16. Term of Plan. Subject to Section 20 of the Plan, the Plan will become effective as of the Effective Date. The Plan will continue in effect until the Option Award granted hereunder is no longer outstanding.

17. Amendment and Termination of the Plan.

(a) Amendment and Termination. The Administrator may at any time amend, alter, suspend or terminate the Plan.

(b) Stockholder Approval. The Company will obtain stockholder approval of any Plan amendment to the extent necessary and desirable to comply with Applicable Laws.

(c) Effect of Amendment or Termination. No amendment, alteration, suspension or termination of the Plan will materially impair the rights of the Participant, unless mutually

 

10


agreed otherwise between the Participant and the Administrator, which agreement must be in writing and signed by the Participant and the Company. Termination of the Plan will not affect the Administrator’s ability to exercise the powers granted to it hereunder with respect to the Option Award granted under the Plan prior to the date of such termination.

18. Conditions Upon Issuance of Shares. Shares will not be issued pursuant to the exercise or vesting (as applicable) of the Option Award unless the exercise or vesting of the Option Award and the issuance and delivery of such Shares will comply with Applicable Laws and will be further subject to the approval of counsel for the Company with respect to such compliance.

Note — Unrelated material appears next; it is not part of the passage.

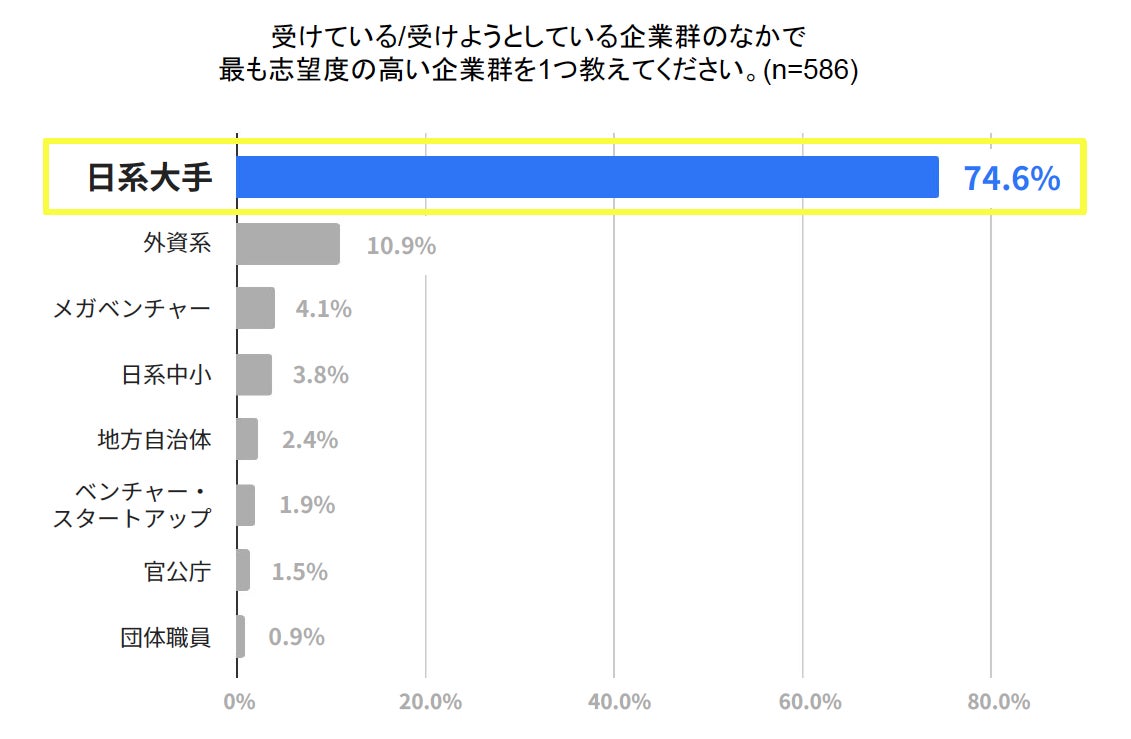 「受けている/受けようとしている企業群のなかで最も志望度の高い企業群」について尋ねたところ、「日系大手企業」が最多の74.6%でした。また、「日系大手企業」と回答した学生を対象にした「日系大手企業を受けたい理由」に関する質問では「福利厚生が充実しているから」が45.8%、次いで「会社やサービス・商品に知名度があるから」(26.1%)という結果でした。

19. Inability to Obtain Authority. The inability of the Company to obtain authority from any regulatory body having jurisdiction, which authority is deemed by the Company’s counsel to be necessary to the lawful issuance and sale of any Shares hereunder, will relieve the Company of any liability in respect of the failure to issue or sell such Shares as to which such requisite authority will not have been obtained.

20. Stockholder Approval. The Plan will be subject to approval by the stockholders of the Company. Such stockholder approval will be obtained in the manner and to the degree required under Applicable Laws.

21. Governing Law. The Plan and the Option Award hereunder shall be construed in accordance with and governed by the laws of the State of Delaware, but without regard to its conflict of law provisions.